FIG. 2 is a flowchart of a method for controlling vehicle parking according to one or more embodiments of the disclosure.

As shown in FIG. 2, in step 210, a vehicle parking state signal generated in real time in response to a vehicle starting to perform a parking operation is received from a battery swap station.

Optionally, after the vehicle to be battery swapped starts the parking operation, the battery swap station may start one or more image collection devices (for example, cameras) arranged in the battery swap station to collect a wheel image of the vehicle, a machine learning model is used to process the collected wheel image of the vehicle, and the vehicle parking state signal is generated based on a processing result of the machine learning model.

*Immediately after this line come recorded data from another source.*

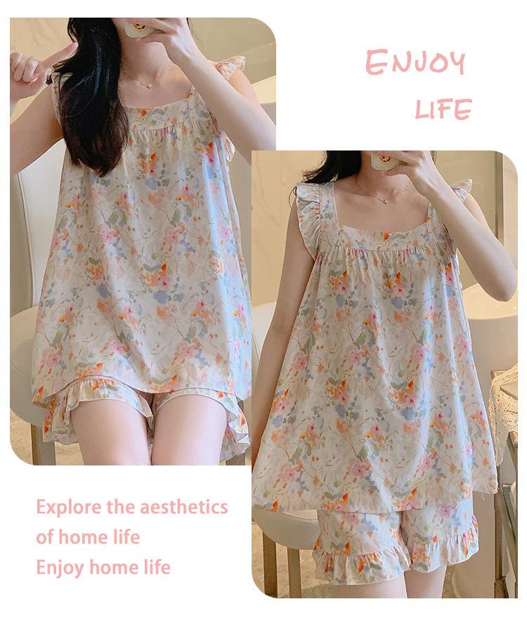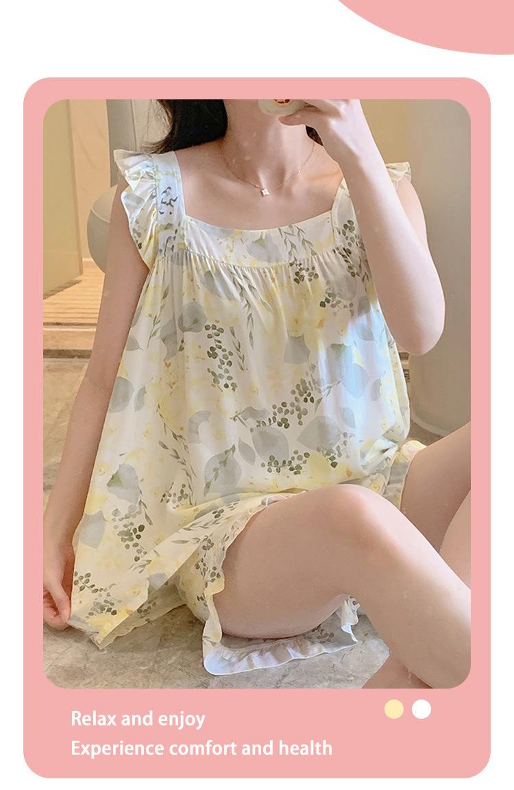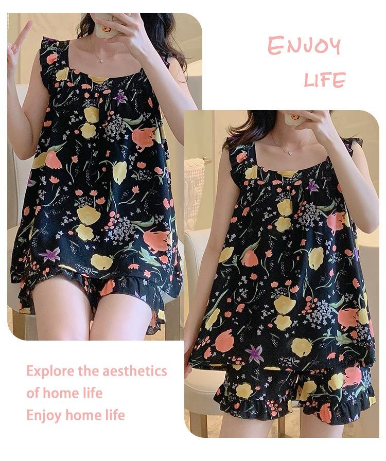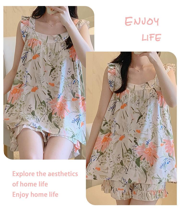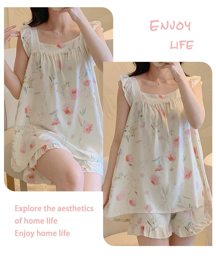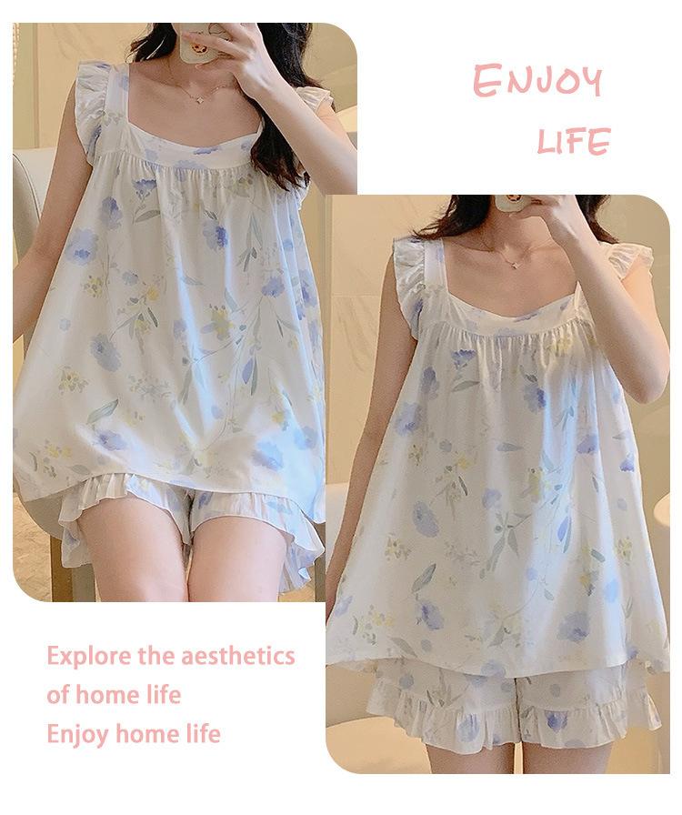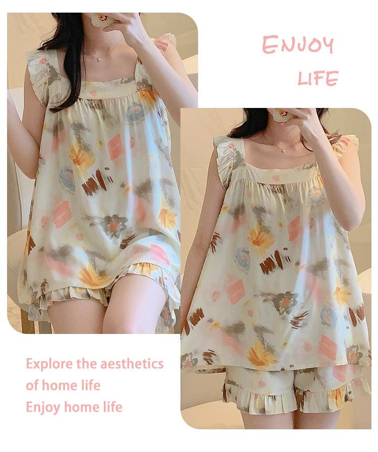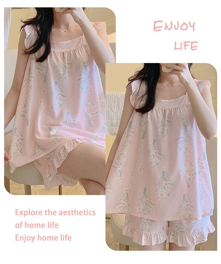 Pijama de algodón y seda para mujer, novedad de verano, con estampado dulce, para estudiantes al aire libre, traje corto fino sin mangas de algodón y seda, ropa para el hogar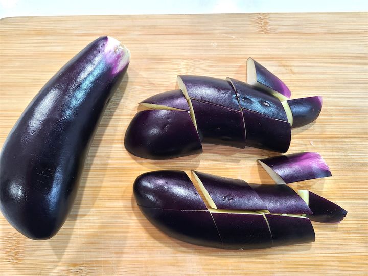 3. なすのヘタを落とし縦に4等分し、一口サイズにカットします。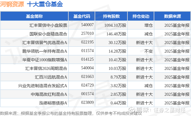 重仓河钢资源的前十大公募基金请见下表: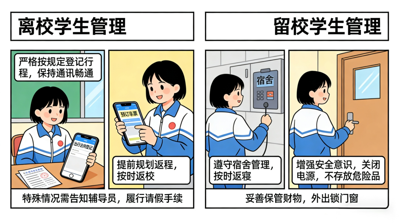 假期离校的同学,务必严格按照学校规定,及时做好个人出行去向登记,如实报备行程信息,全程保持手机通讯畅通,便于学校及时联络。请提前规划返程路线,尽早预订假期返校的车票,确保按时返校。如遇特殊情况无法按时返校,务必第一时间告知辅导员,严格履行请假审批手续,严禁无故逾期返校、擅自缺勤。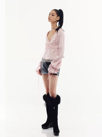 Rhinestone Chain–Embellished Faux Leather Skirt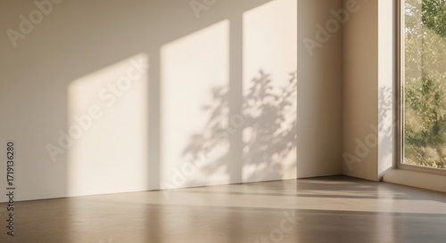 Minimalist interior with warm sunlight and long window shadows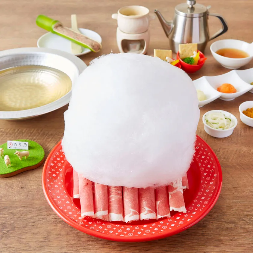 また、『めり乃』は“フォトジェニックな仕掛け”を所々に盛り込んだ店づくりをしております。ラム肉の上に乗せられた羊を模した“わたあめ”や、卓上の”ちいさな牧場”、コースターや内装まで細部にもこだわりました。これによりSNS(social network service)による認知度アップを見込んでおります。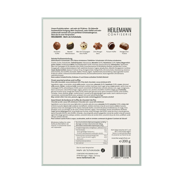 Versüßen Sie sich und Ihren Liebsten die Winterzeit: Die Komposition "Merry Christmas" besteht aus einer großen Auswahl feinster Pralinen für ganz besondere Genussmomente. Der große Pralinenkasten eignet sich besonders als hochwertiges Weihnachtsgeschenk oder als süße Köstlichkeit zum Anbieten und Teilen an den Festtagen. Genießen Sie die genussvollste Zeit des Jahres mit Pralinen von HEILEMANN.
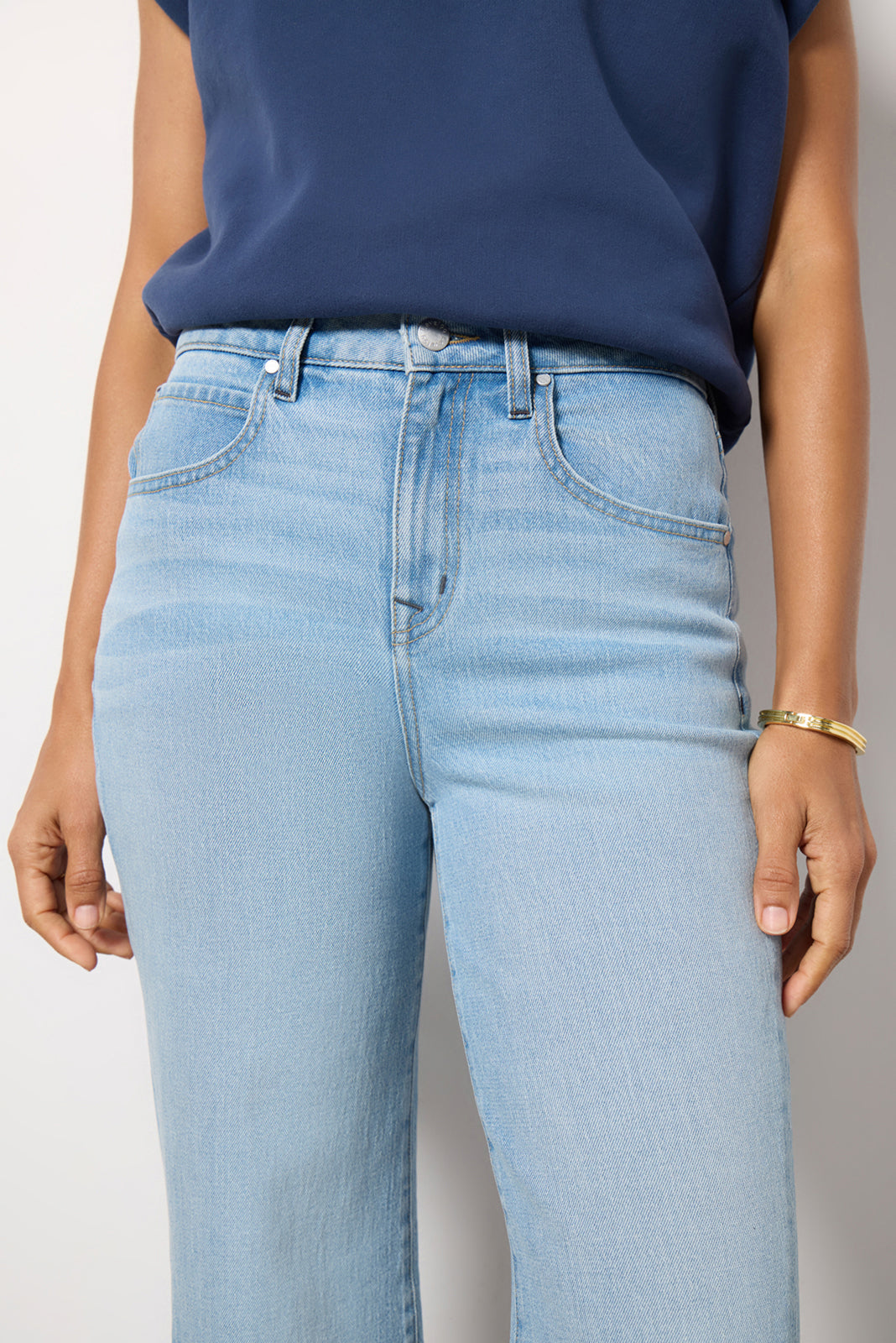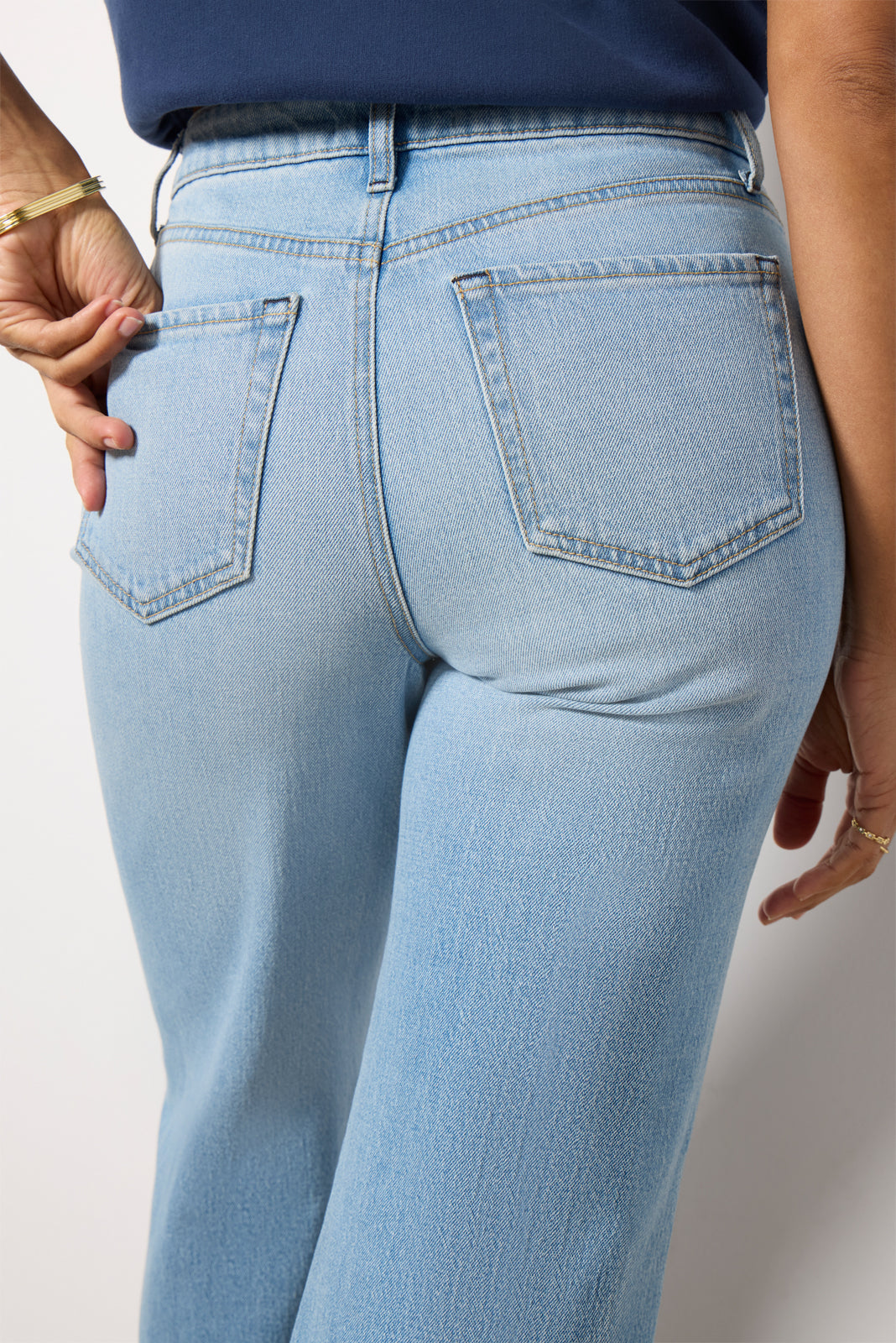 Contrasting inset hems put a stylish spin on these bootcut jeans by EVEREVE. featuring a high-rise fit. twisted side seams. and light-wash denim fabric.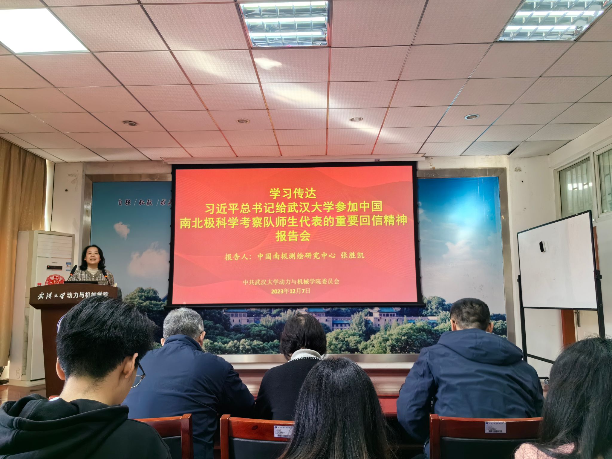 12月7日下午,学院在九教报告厅举行学习传达习近平总书记给武汉大学参加中国南北极科学考察队师生代表的重要回信精神报告会,武汉大学中国南极测绘研究中心张胜凯副教授为全院干部师生代表作《让五星红旗在南极上空高高飘扬》的专题报告。学院党委中心组全体成员、教师党员代表和本研总支及支部全体党员干部参加报告会,党委书记孙萍主持报告会。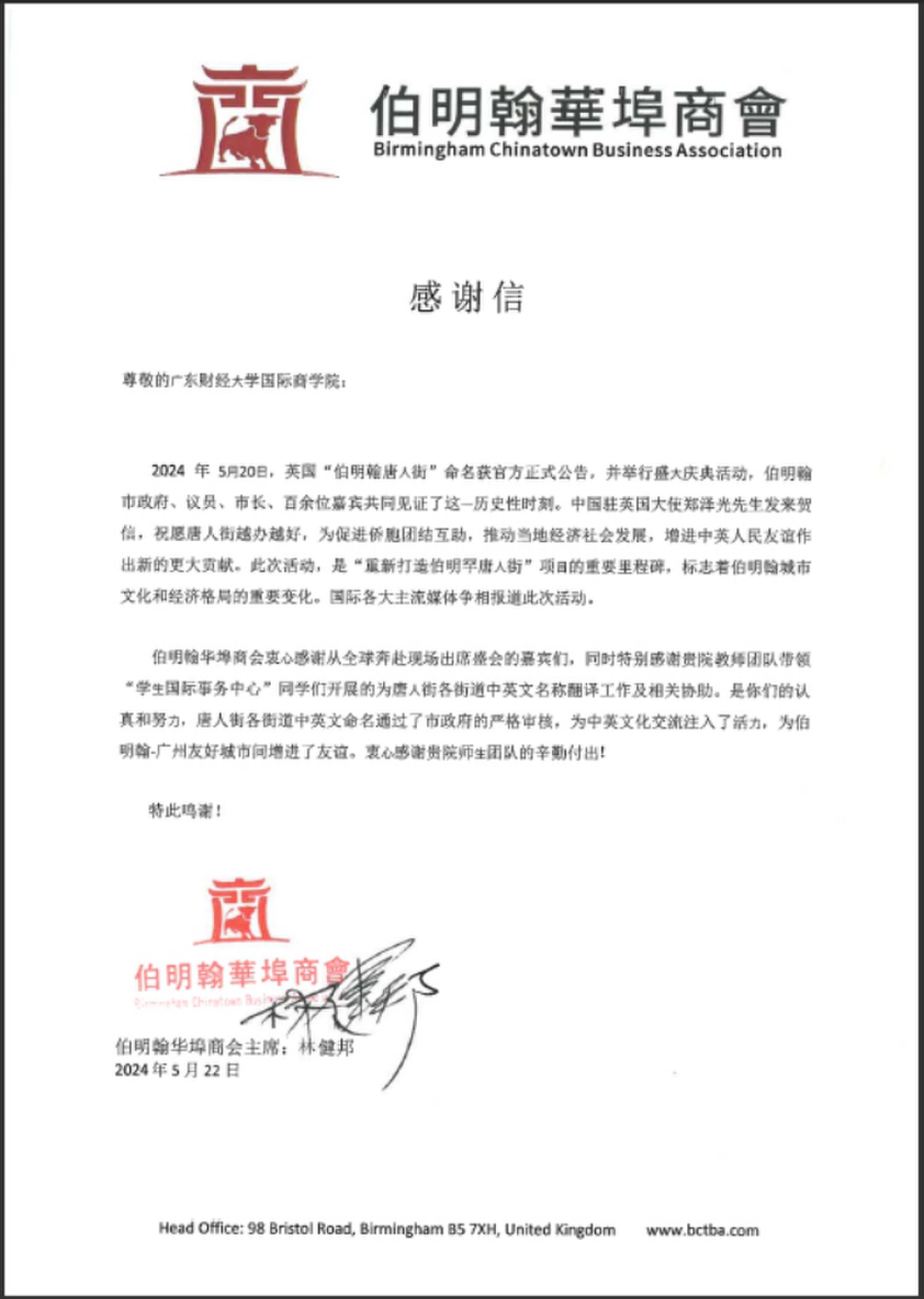 近日,国际商学院收到英国伯明翰华埠商会林健邦主席发来的感谢信,感谢国际商学院教师团队带领学⽣国际事务中心同学们为伯明翰唐⼈街各街道中英文名称翻译所做的工作及提供的相关协助。今年一月份学⽣国际事务中心接到翻译工作协助请求后,迅速组织师生团队,在短时间内完成任务并提交初稿,由伯明翰华埠商会综合多方建议提交市政府审议后确定颁布。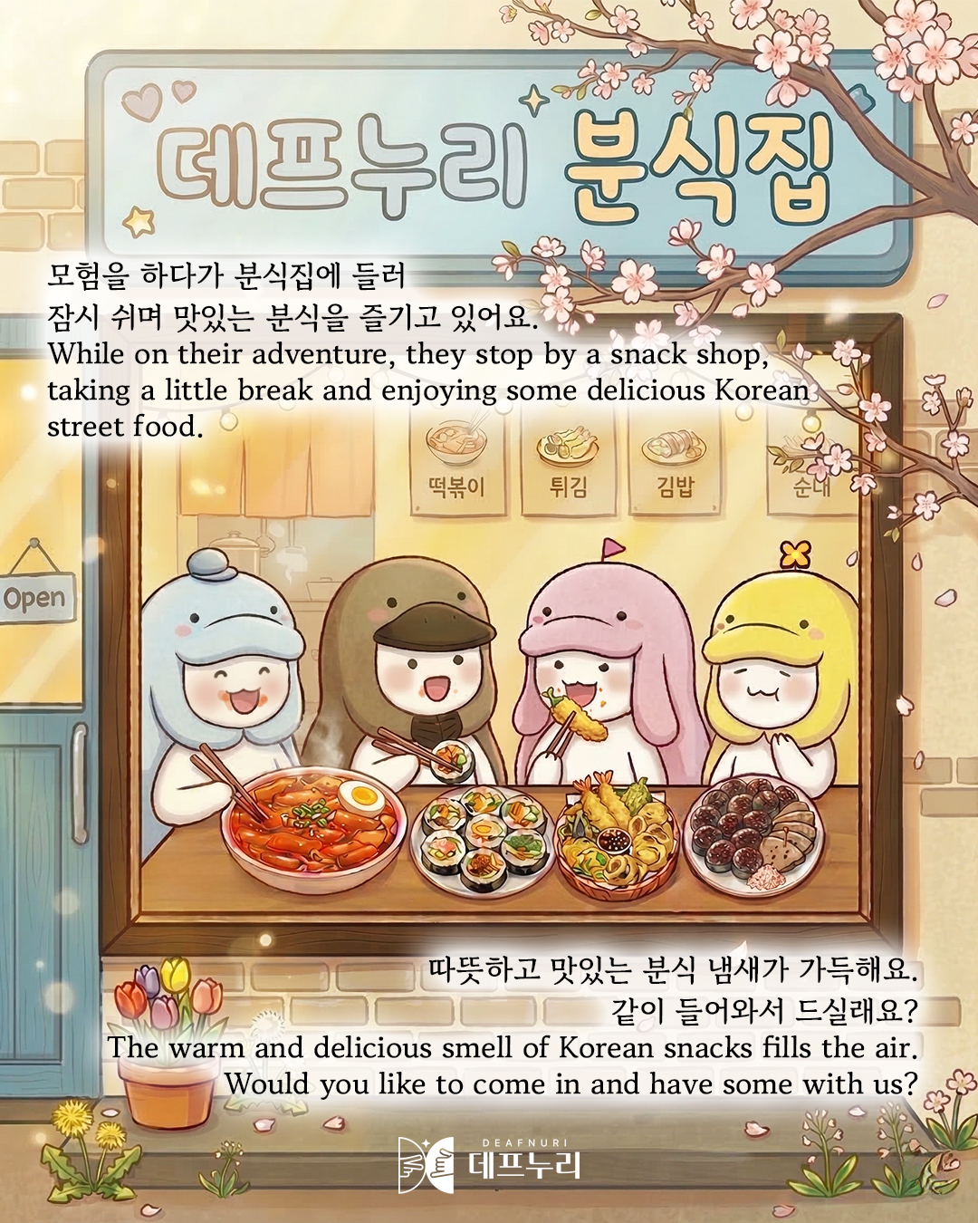 잠시 데프누리 분식집에 들러 따뜻한 휴식을 즐기고 있어요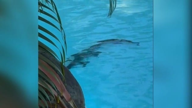 Krokodil macht den Pool eines Luxushotels unsicher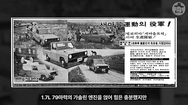 '새마을트럭'은 시보레 1700의 재고를 처리하기 위해 차고를 높이고 엔진과 변속기를 활용해 만든 소형 픽업으로, 차명은 누가 봐도 당시 정부가 추진했던 지역사회 개발운동 '새마을운동'을 의식해 지은 이름이었습니다.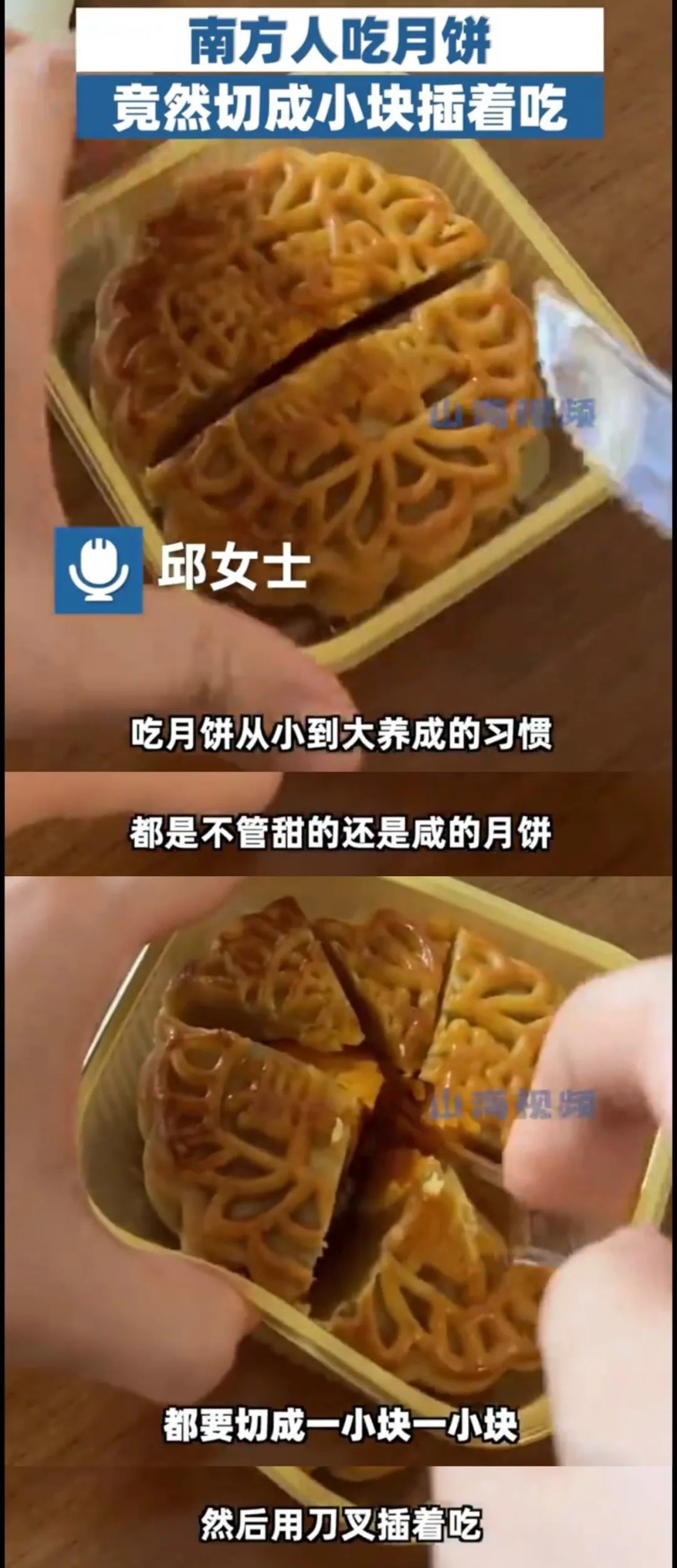 9月12日,廣東潮州。女子分享南方月餅喫法,用刀叉切成小塊插着喫,驚呆北方網友。邱女士稱,這是她從小到大的習慣,沒想到會引起大家這麼大的討論。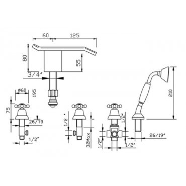 GABOLI FRATELLI PAPIRO CONJUNTO BORDE BAÑERA 5 ORIFICIOS CON CASCADA Y SET DUCHA

Optionally, the vehicle parking state signal may indicate, but is not limited to, one or more of the following: in-position parking, out-of-position parking, a positional relationship between the vehicle and the in-station predetermined battery swap area, and a distance between the vehicle and the in-station predetermined battery swap area. As described above, content indicated by the vehicle parking state signal may be selected, based on a frequency of communication between the battery swap station and the vehicle, from a group consisting of one or more of the following: in-position parking, out-of-position parking, the positional relationship between the vehicle and the in-station predetermined battery swap area, and the distance between the vehicle and the in-station predetermined battery swap area. For example, the content indicated by the vehicle parking state signal is selected in the following manners: when the frequency of communication between the battery swap station and the vehicle is within a first frequency range, the vehicle parking state signal may indicate in-position parking and out-of-position parking; when the frequency of communication between the battery swap station and the vehicle is within a second frequency range, the vehicle parking state signal may indicate in-position parking, out-of-position parking, and the positional relationship between the vehicle and the in-station predetermined battery swap area; and when the frequency of communication between the battery swap station and the vehicle is within a third frequency range, the vehicle parking state signal may indicate in-position parking, out-of-position parking, the positional relationship between the vehicle and the in-station predetermined battery swap area, and the distance between the vehicle and the in-station predetermined battery swap area.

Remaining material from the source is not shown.